Omniscien » FAQ » What is real-time captioning?

What is real-time captioning?

Live captioningCaptions, also known as closed captions, are made up of text, are designed to assist individuals who are deaf or have hearing difficulties in accessing audio content. Real-time captions, also referred to as Computer Assisted Real-time Translation (CART), are produced in real-time during an event. While the primary purpose of real-time captioning is to assist the hard of hearing viewers, there are also other use cases where real-time captioning may be useful. One such case is for live sports events where many viewers have challenges hearing the content due to the location that they watch the sports in such as bars, restaurants, public transport or in an office environment. See “Adding Real-Time Captioning to Sports Commentary in Live Video Streams” for a real-world example.

When using Automated Speech Recognition (ASR), a slight lag might occur due to the captioner’s necessity to listen and transcribe the words and the time taken by the computer to process the information. Real-time captioning can be utilized in events that do not have written scripts or captions, such as lectures, classes, congressional or council meetings, news programs, non-broadcast meetings organized by professional associations, and video conferencing such as with Microsoft Teams, Zoom, WebEx, GotoMeeting and similar. In the case of live television broadcasts, there may also be a delay in other processing of the video and audio, enabling the ASR to have time to process the spoken words and then have the live closed caption re-inserted into the video stream using time syncronization, giving the appearance of real-time close captioning.

Remote real-time captions are generated from a remote location and sent to the location of the event or broadcast. For instance, an instructor in a lecture hall can speak into a microphone connected via the Internet to a remote ASR server. The ASR server sends the captioned text via the internet to a specified location where it can be transmitted to the intended audience.

Due to the real-time nature of captioning live events and live broadcast content, automated speech recognition is a little less accurate than when processing batch files or pre-recorded audio files. This is because the pre-recorded audio file has the benefit of the entire sentence or sentences that were spoken and a longer time window to process the data. Real-time captioning software such as Language Studio’s ASR features has less time to process the data and in some cases may have to guess the context of a word and its spelling when there are multiple words that sound the same. For example “Thai” and “tie” both sound identical. With a full sentence the ASR is more likely to have the context to determine which form to use.
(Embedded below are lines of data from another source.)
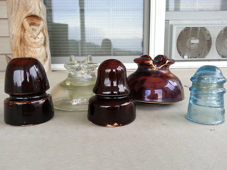 Final pictures from our antique mall & flea market finds. Pittsburg U-148 and U-179, and a nice blue McLaughlin CD 106 in front, Kimble CD 231 with cooling rack marks on the base and what I believe is an unreported (no, turns out Elton just forgot to put it in the Value Guide) PP U-730 with a gorgeous glaze and flash over marks on it. |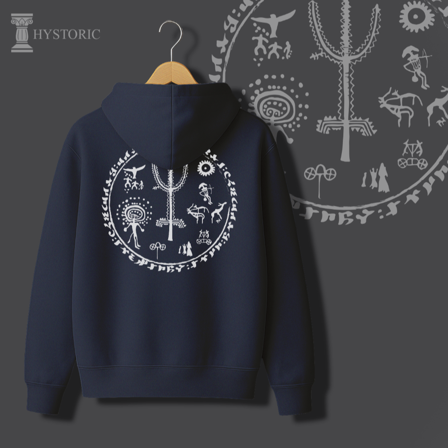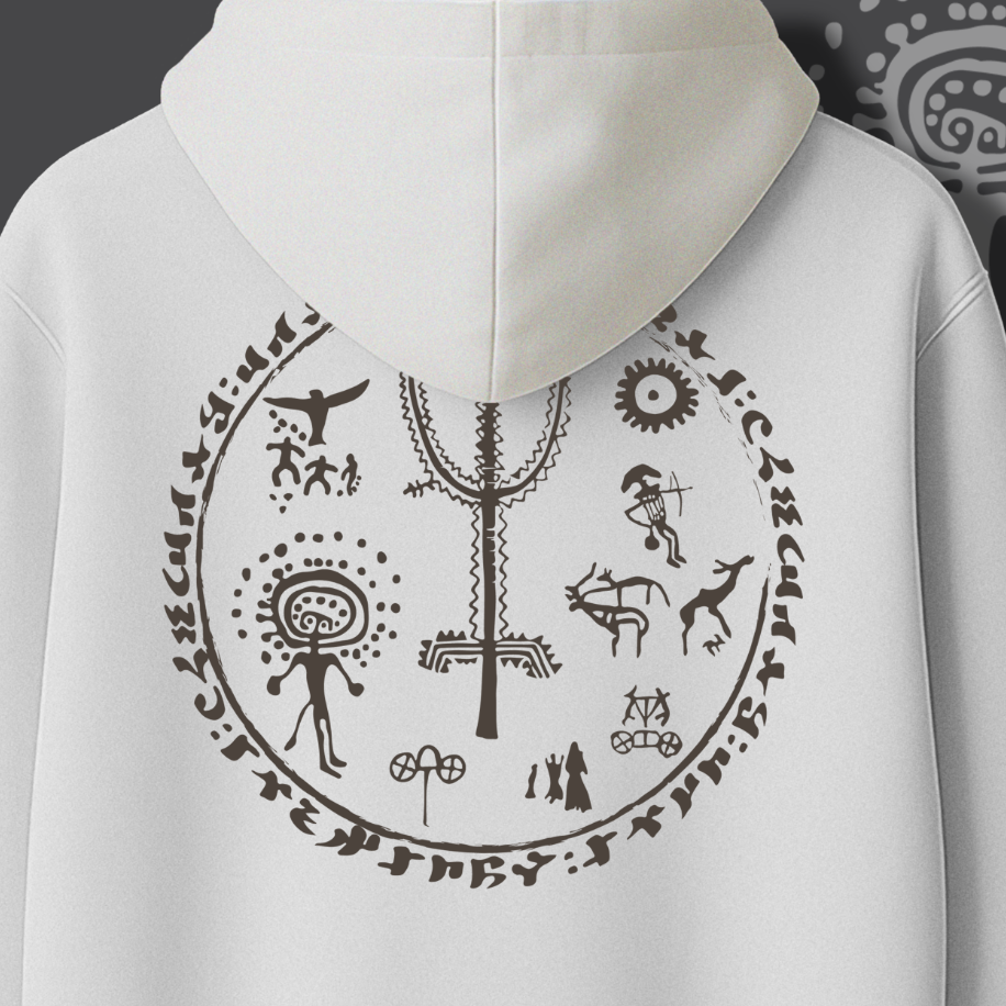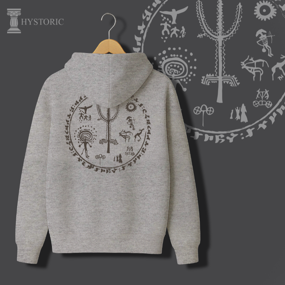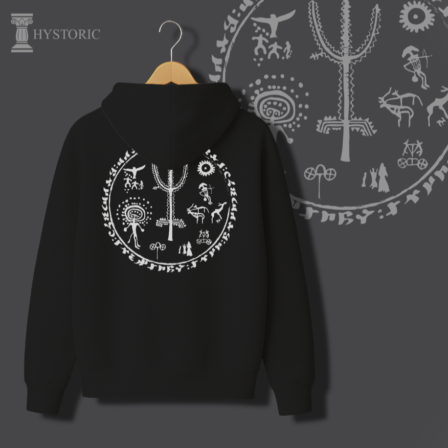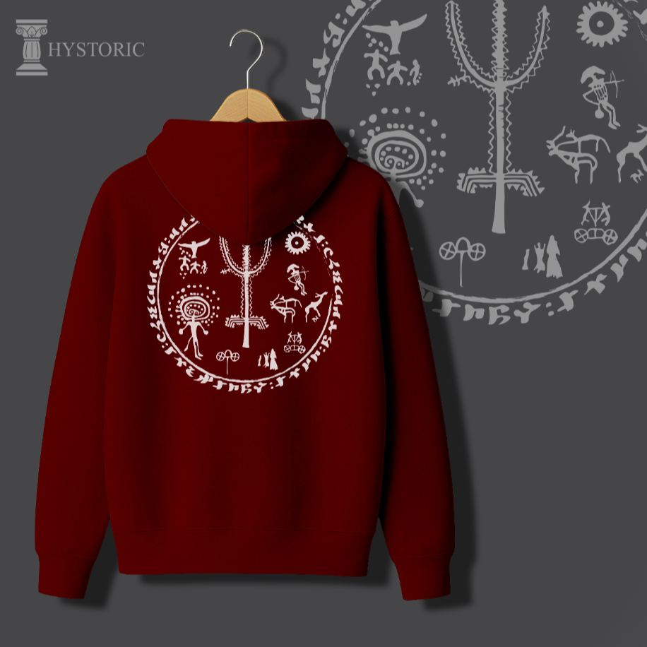 Hayat Ağacı Sweati, kökleri Orta Asya bozkırlarına uzanan kadim bir kozmolojiyi modern tasarım diliyle buluşturuyor. Merkezdeki hayat ağacı, gök ile yer arasındaki ebedi dengeyi simgelerken; etrafında işlenen figürler şamanik kültürün derin izlerini taşıyor. Çerçeveyi kuşatan “Türk, Budun, Kök-Tengri, Töre” kelimeleri ise yalnızca estetik bir unsur değil, aynı zamanda bir aidiyet ve süreklilik ifadesi. Bu tasarım, sıradan bir sweatten çok daha fazlası: kendi köklerine dönmek, tarihsel belleği üzerinde taşımak ve kültürel mirası günümüz modasında ikonik bir sembole dönüştürmek. Hayat Ağacı Sweati, Hystoric’in özgün tasarım diliyle geçmişin ruhunu bugüne taşıyan güçlü bir ifade parçasıdır.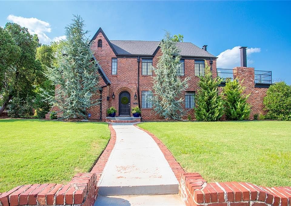Spectacular historic home in Lincoln Terrace.The 2015-16 complete remodel ranks among the most exquisite historic remodels done in OKC historics. The tudor revival home is a 3 bed 2 full and 2 half baths. Arched door ways, abundant natural light, 2 masters up, either a bed down or stunning office or 2nd living complete w/wood burning fireplace & wall of windows open to the adjacent park. Chef's kitchen is magnificent w/custom cabinetry, granite, commercial type appliances, above range pot filler, stainless prep table & stools & refrig to stay. The dining rm is framed by an enormous crystal chandelier. A butler's pantry provides storage & a small desk area. The primary master has a rooftop outside sitting area as well as an en-suite shower/claw footed soaking tub bath. The 2nd Master has a full bath & large walkin closet. The 3rd bed has a exterior & interior entrance. Garage is attached w/breezeway access to the kitchen. Large deck & historic brick fence. Gated driveway.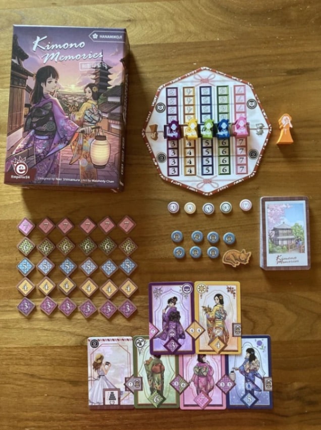 「キモノ・メモリーズ/和服印象」は、京都の街並みを舞台に、見習いカメラマンとして着物美人を撮影する、カード配置の2人用ゲームです。

Closed captioning also serves as a benefit for individuals who comprehend written language better than spoken language in which a presentation is delivered, as well as for people who are watching the program in either a noisy environment (such as an airport or sports bar) or a quiet one (such as a work cubicle or public transport). Non-real-time captions include those on television programming and pre-recorded videos that can be rented or purchased. Such captions are structured different for timing and line length when compared to subtitles. Subtitles purpose is different and intended for use when content is translated from one language to another.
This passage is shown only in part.